The data below is to be transcribed word for word; pictures are to be excluded.

(Records from a data source)
════════════════════

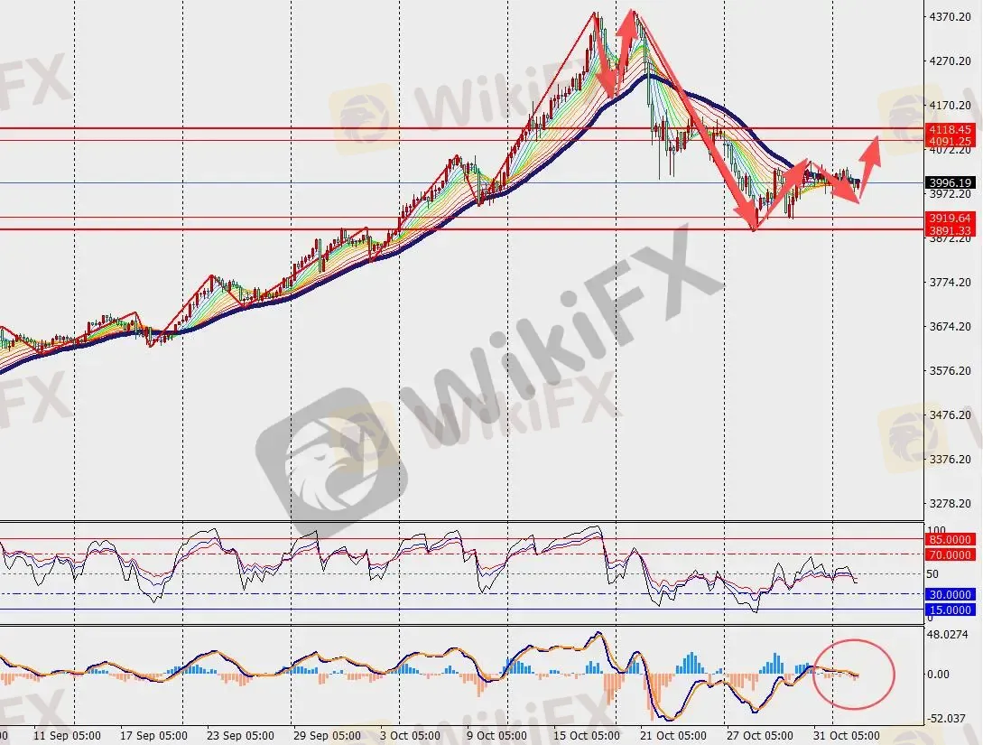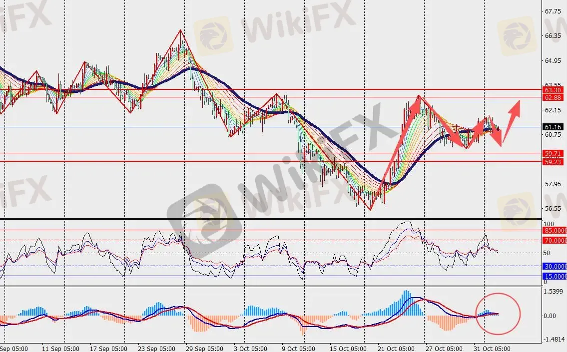 技术面:原油H4级别震荡反弹,并在48日多空分界线附近运行。另一方面,MACD双线和量能柱在零轴附近缩量。在制裁阴影、需求敏感和供应激增的多重夹击下,欧佩克这一决定如同一剂预防针,旨在守护油价稳定。
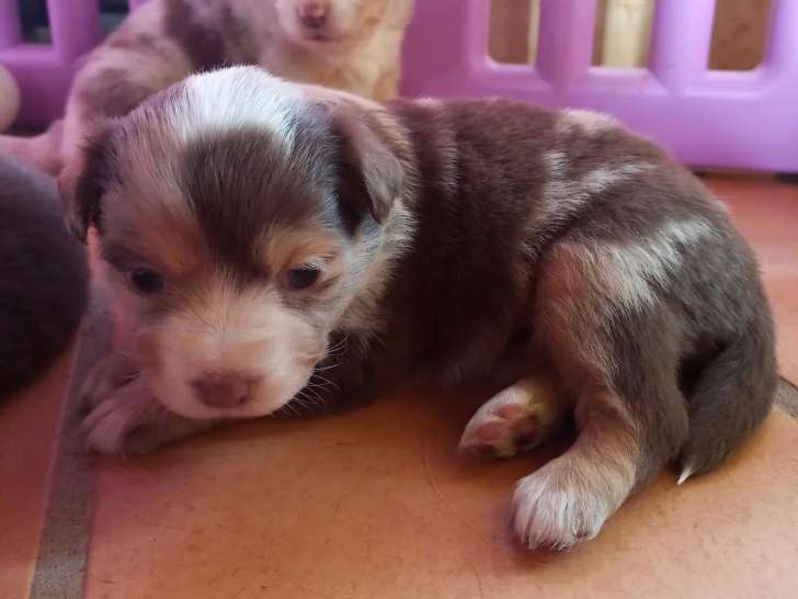 Boline fait partie d’une fratrie de sept chiots nés à l’élevage Aux Couleurs De Sépoura, à Blénod-lès-Pont-à-Mousson le 7 janvier 2026. Ce mâle Berger Américain Miniature est inscrit au Livre des Origines...
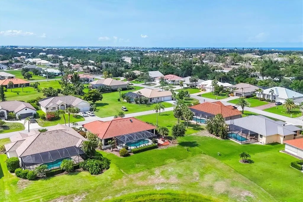 Discover this beautifull pool home nestled in one of Cape Haze's most desirable and spacious neighborhoods. Set against a backdrop of lush fairways, this property offers sweeping views of the Links Golf Course and two sparkling lakes. A serene setting to enjoy the best of Florida Living. Step outside to your own private screened in pool, perfect for unwinding and entertaining. Inside, the open-concept floor plan seamlessly connects the designer kitchen, dining area and great room; creating a bright and inviting space. Soaring ceilings, a large skylight, oversized windows and sliding glass doors fill the home with natural light and offer stunning views throughout. The primary suite features a spacious layout with an en-suite bath and a generous walk-in closet. A dedicated indoor laundry room offers convenience with built in cabinetry and a utility sink. Recent upgrades include the following: New Roof (2022) with repairs in 2023. New Water Heater (2021), New Washing Machine (2022) New Toilets (2022) Kitchen Remodel (2021), Dishwasher, Range, Refrigerator, Microwave, Garbage Disposal (2022), Thermostat (2020), The oversized garage provides even more storage options, including attic space. Located just minutes from Gulf Beaches, Boating, Boca Grande, and Englewood; this home is ideal for outdoor enthusiasts
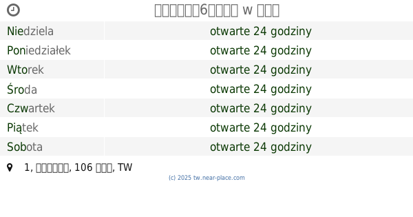 | Niedziela | otwarte 24 godziny | |||||
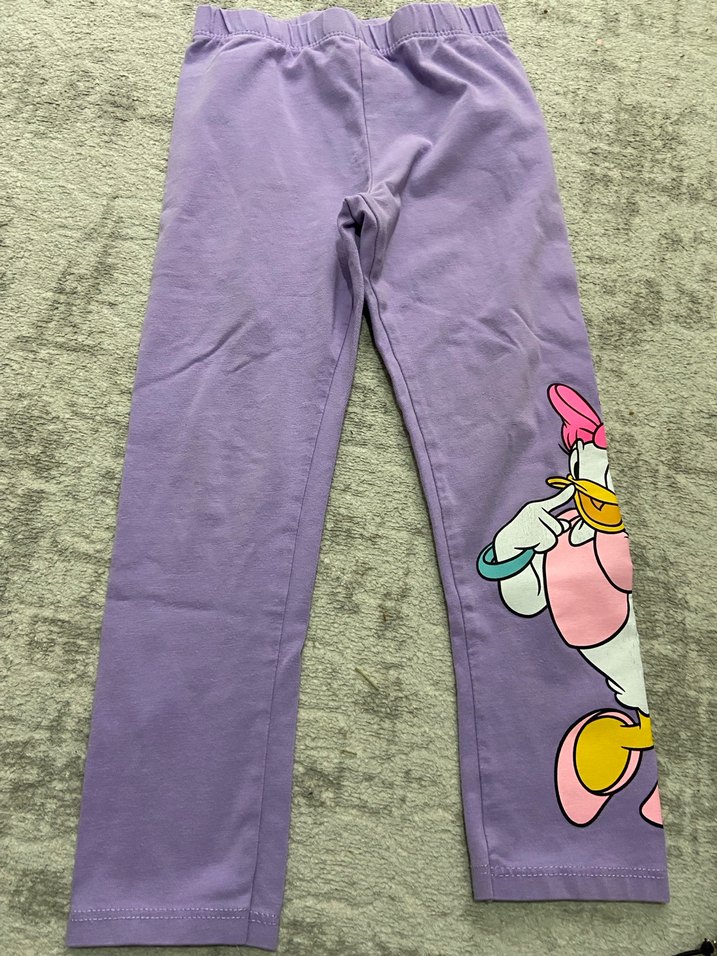 Mor renkli, baskılı karakter desenli kız taytı, elastik bel bandına sahip yumuşak ve sıcak kumaştan üretilmiştir.
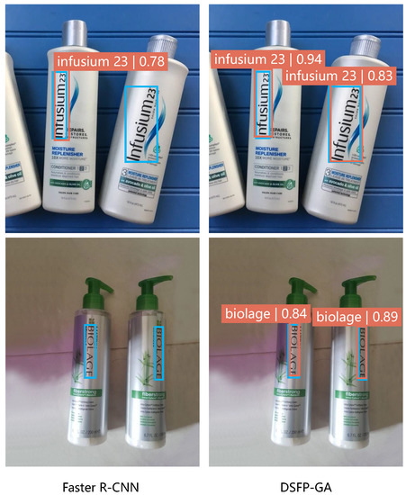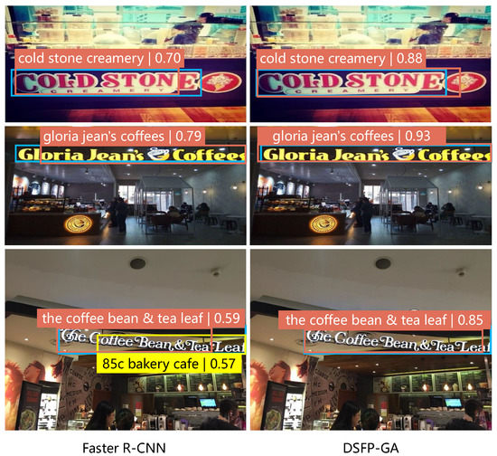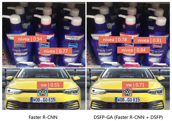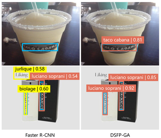 In order to evaluate the better performance of DSFP-GA, we selected two images that contain both small size and large aspect ratio logo objects and visualized the detection results. As shown in Figure 8, Faster R-CNN doesn’t detect the logo object that is small and wide in the first image. On the same image, DSFP-GA has better results in localization and classification. In the second image, Faster R-CNN mistakenly detects two logo objects and the accuracy of another logo object detected by Faster R-CNN is much lower than DSFP-GA. This amply demonstrates the superior performance of DSFP-GA in both small size and large aspect ratio logo object detections.
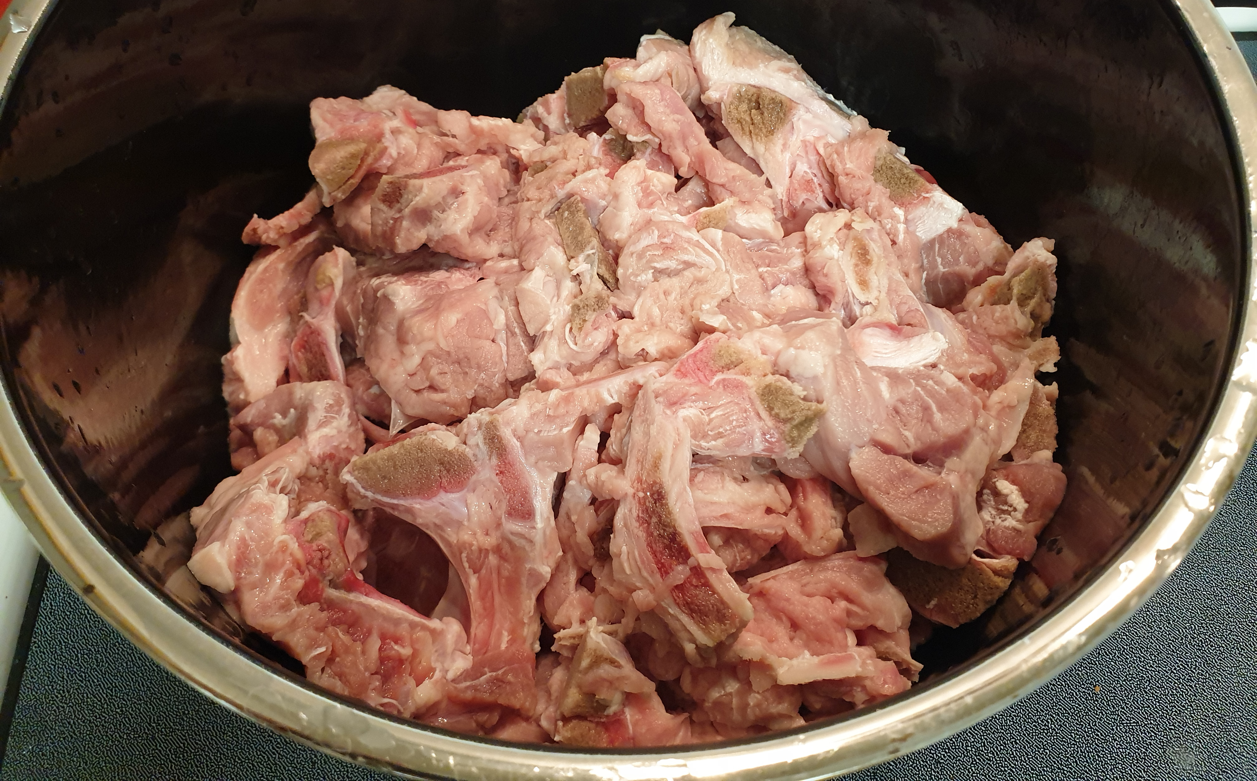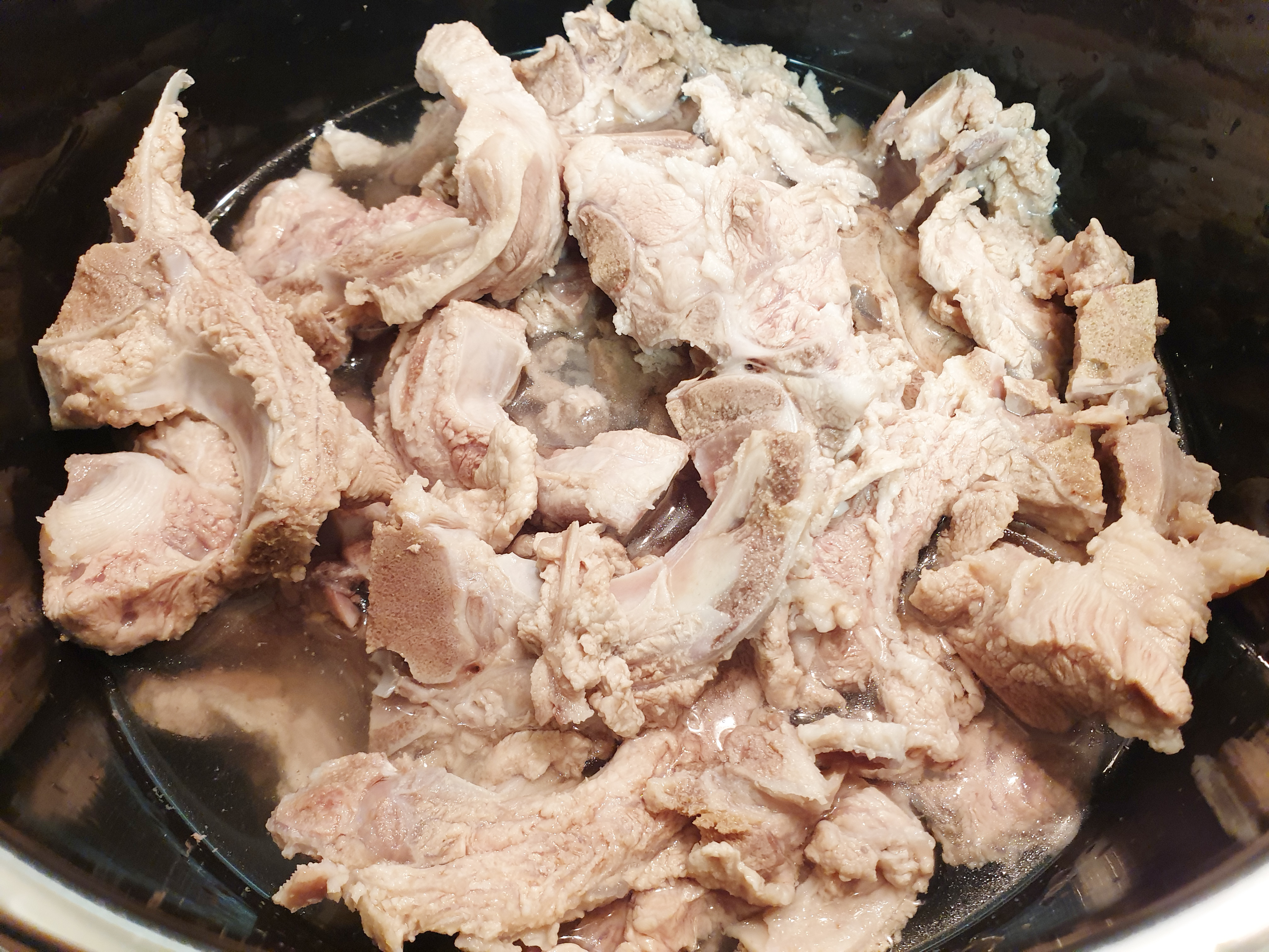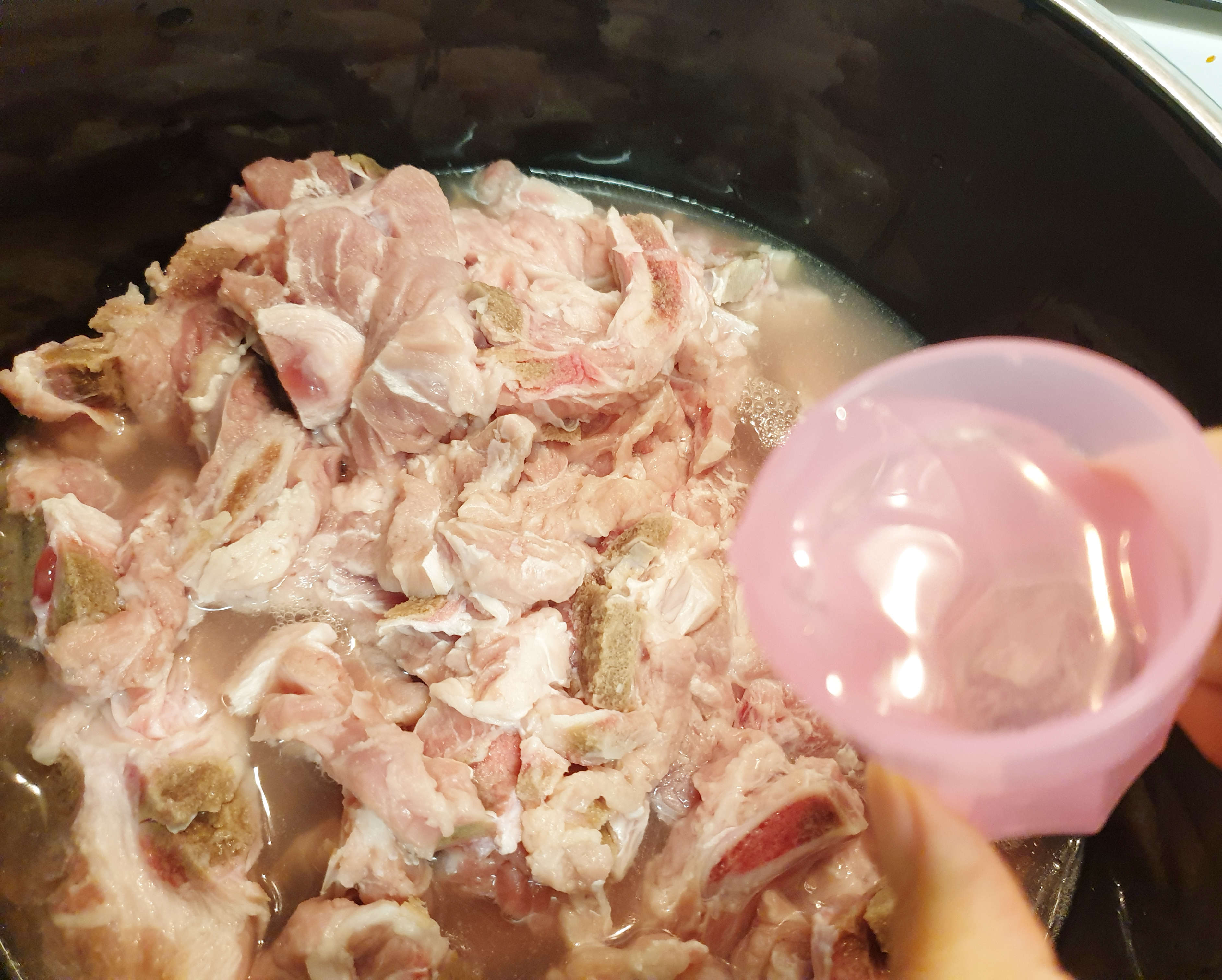 4. 냄비도 깨끗이 씻어 준비하고 불은 중불에 맞춰 준 후 돼지등뼈를 넣고 돼지 등뼈가 살짝 잠길 정도로 물을 부어 주세요~
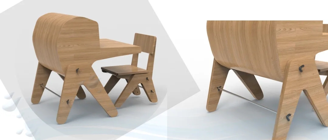 “小海豚”集成竹材料和金属结合的可爱风格,运用榫卯结构,整体稳固,考虑儿童使用多处为圆角设计,更加突出海豚的圆润可爱。
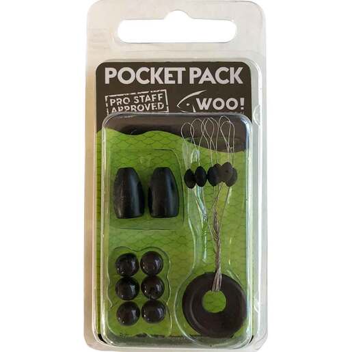WOO! Tungsten Pocket Pack Sinker - WOO! Tungsten's POCKET PACK! It's everything you need to get rigged up to flip and it fits in your pocket! 2 - 1/4 oz Tungsten Flipping Weights 6 - WOO! Beads 6 - WOO! Stops
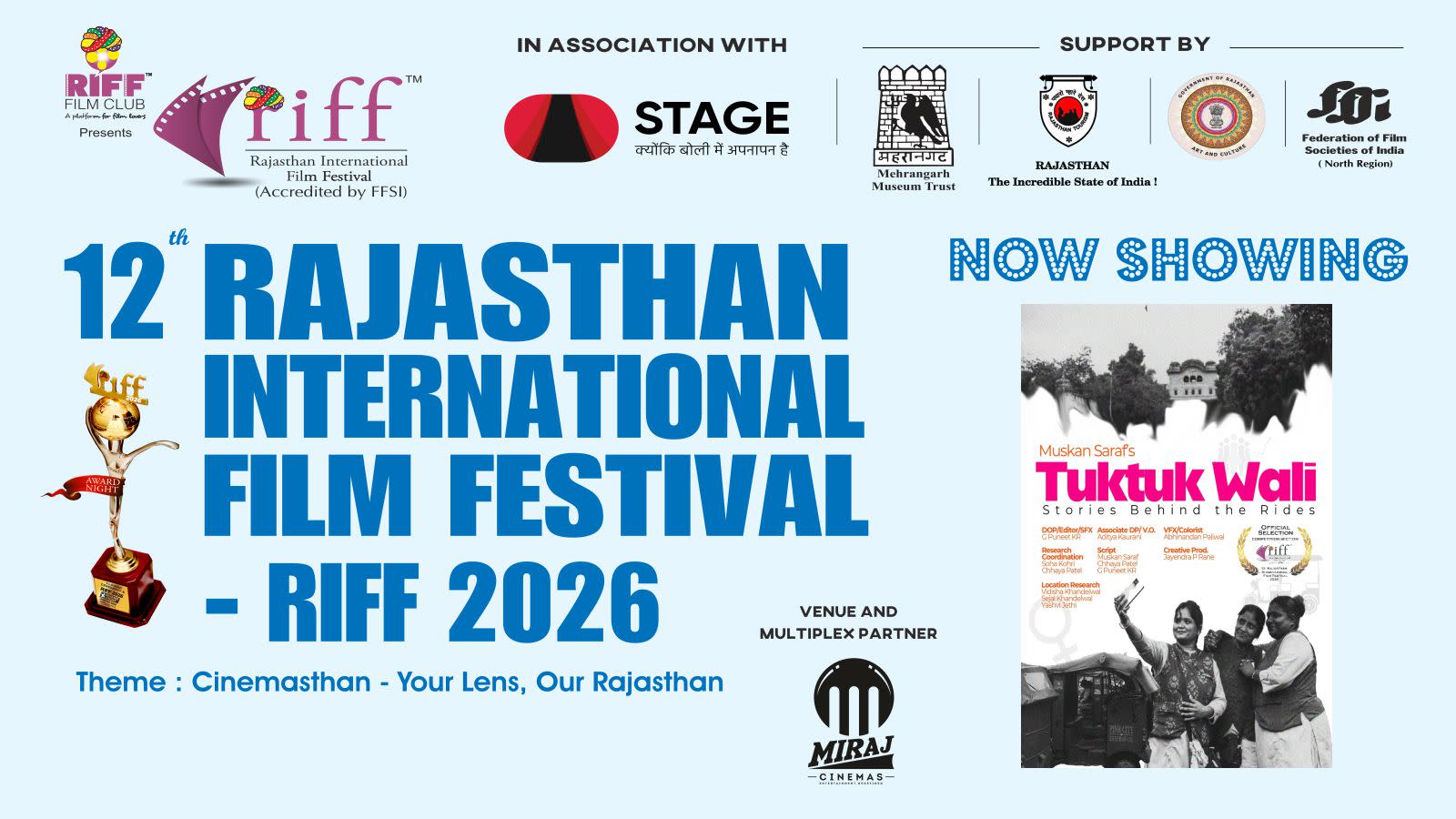 After eleven successful editions (eight editions in Jaipur and three editions in Jodhpur), the next 12th edition of RIFF - Rajasthan International Film Festival - RIFF 2026 will be held at Miraj Cinemas, Blue City Mall, Circuit House Road, Jodhpur, Rajasthan.
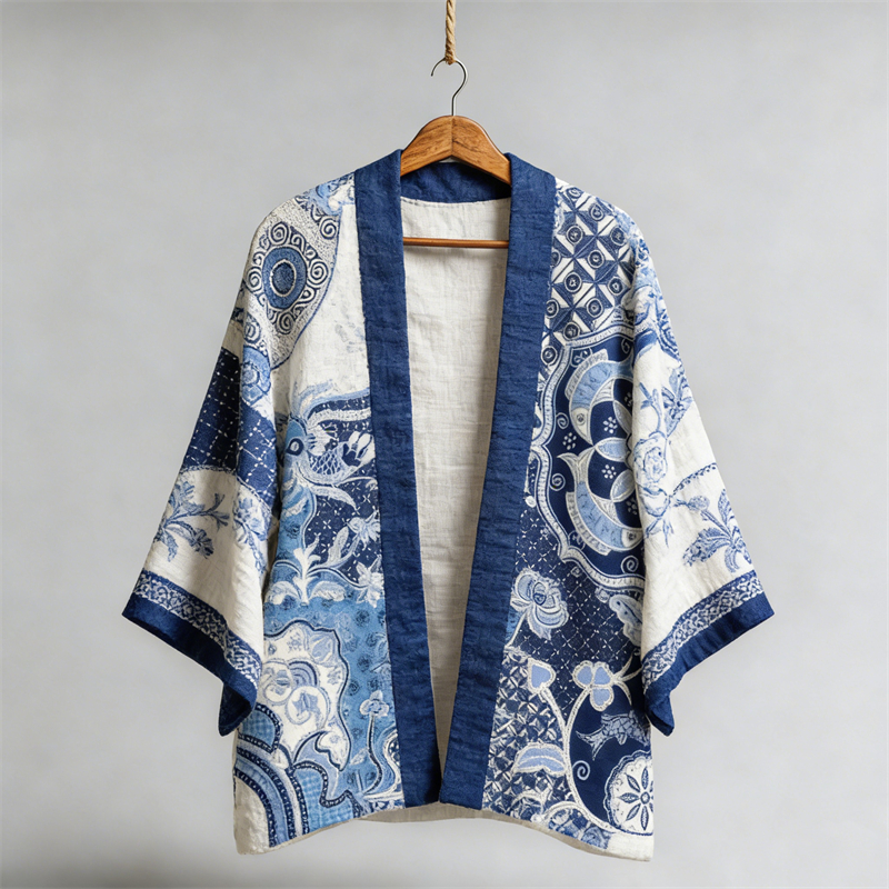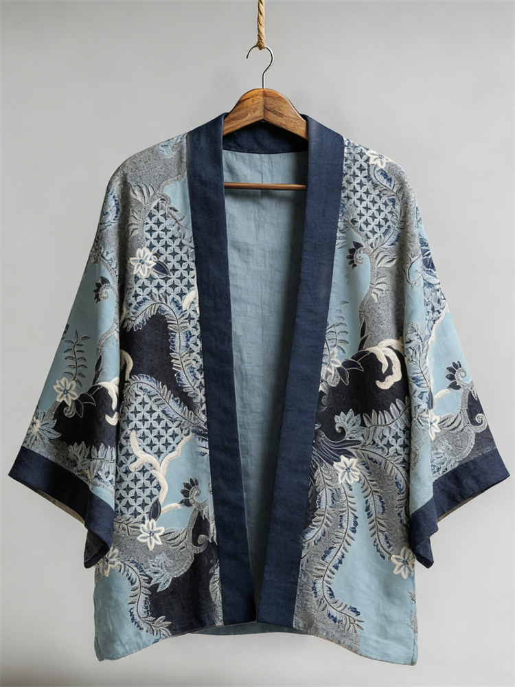 Japanese Floral Sashiko Colorblock Linen Kimono

════════════════════

◆ ANSWER FOR THIS EXERCISE ◆
 技术面:原油H4级别震荡反弹,并在48日多空分界线附近运行。另一方面,MACD双线和量能柱在零轴附近缩量。在制裁阴影、需求敏感和供应激增的多重夹击下,欧佩克这一决定如同一剂预防针,旨在守护油价稳定。
 Boline fait partie d’une fratrie de sept chiots nés à l’élevage Aux Couleurs De Sépoura, à Blénod-lès-Pont-à-Mousson le 7 janvier 2026. Ce mâle Berger Américain Miniature est inscrit au Livre des Origines...
 Discover this beautifull pool home nestled in one of Cape Haze's most desirable and spacious neighborhoods. Set against a backdrop of lush fairways, this property offers sweeping views of the Links Golf Course and two sparkling lakes. A serene setting to enjoy the best of Florida Living. Step outside to your own private screened in pool, perfect for unwinding and entertaining. Inside, the open-concept floor plan seamlessly connects the designer kitchen, dining area and great room; creating a bright and inviting space. Soaring ceilings, a large skylight, oversized windows and sliding glass doors fill the home with natural light and offer stunning views throughout. The primary suite features a spacious layout with an en-suite bath and a generous walk-in closet. A dedicated indoor laundry room offers convenience with built in cabinetry and a utility sink. Recent upgrades include the following: New Roof (2022) with repairs in 2023. New Water Heater (2021), New Washing Machine (2022) New Toilets (2022) Kitchen Remodel (2021), Dishwasher, Range, Refrigerator, Microwave, Garbage Disposal (2022), Thermostat (2020), The oversized garage provides even more storage options, including attic space. Located just minutes from Gulf Beaches, Boating, Boca Grande, and Englewood; this home is ideal for outdoor enthusiasts
 | Niedziela | otwarte 24 godziny | |||||
 Mor renkli, baskılı karakter desenli kız taytı, elastik bel bandına sahip yumuşak ve sıcak kumaştan üretilmiştir.
 In order to evaluate the better performance of DSFP-GA, we selected two images that contain both small size and large aspect ratio logo objects and visualized the detection results. As shown in Figure 8, Faster R-CNN doesn’t detect the logo object that is small and wide in the first image. On the same image, DSFP-GA has better results in localization and classification. In the second image, Faster R-CNN mistakenly detects two logo objects and the accuracy of another logo object detected by Faster R-CNN is much lower than DSFP-GA. This amply demonstrates the superior performance of DSFP-GA in both small size and large aspect ratio logo object detections.
 4. 냄비도 깨끗이 씻어 준비하고 불은 중불에 맞춰 준 후 돼지등뼈를 넣고 돼지 등뼈가 살짝 잠길 정도로 물을 부어 주세요~
 “小海豚”集成竹材料和金属结合的可爱风格,运用榫卯结构,整体稳固,考虑儿童使用多处为圆角设计,更加突出海豚的圆润可爱。
WOO! Tungsten Pocket Pack Sinker - WOO! Tungsten's POCKET PACK! It's everything you need to get rigged up to flip and it fits in your pocket! 2 - 1/4 oz Tungsten Flipping Weights 6 - WOO! Beads 6 - WOO! Stops
 After eleven successful editions (eight editions in Jaipur and three editions in Jodhpur), the next 12th edition of RIFF - Rajasthan International Film Festival - RIFF 2026 will be held at Miraj Cinemas, Blue City Mall, Circuit House Road, Jodhpur, Rajasthan.
 Japanese Floral Sashiko Colorblock Linen Kimono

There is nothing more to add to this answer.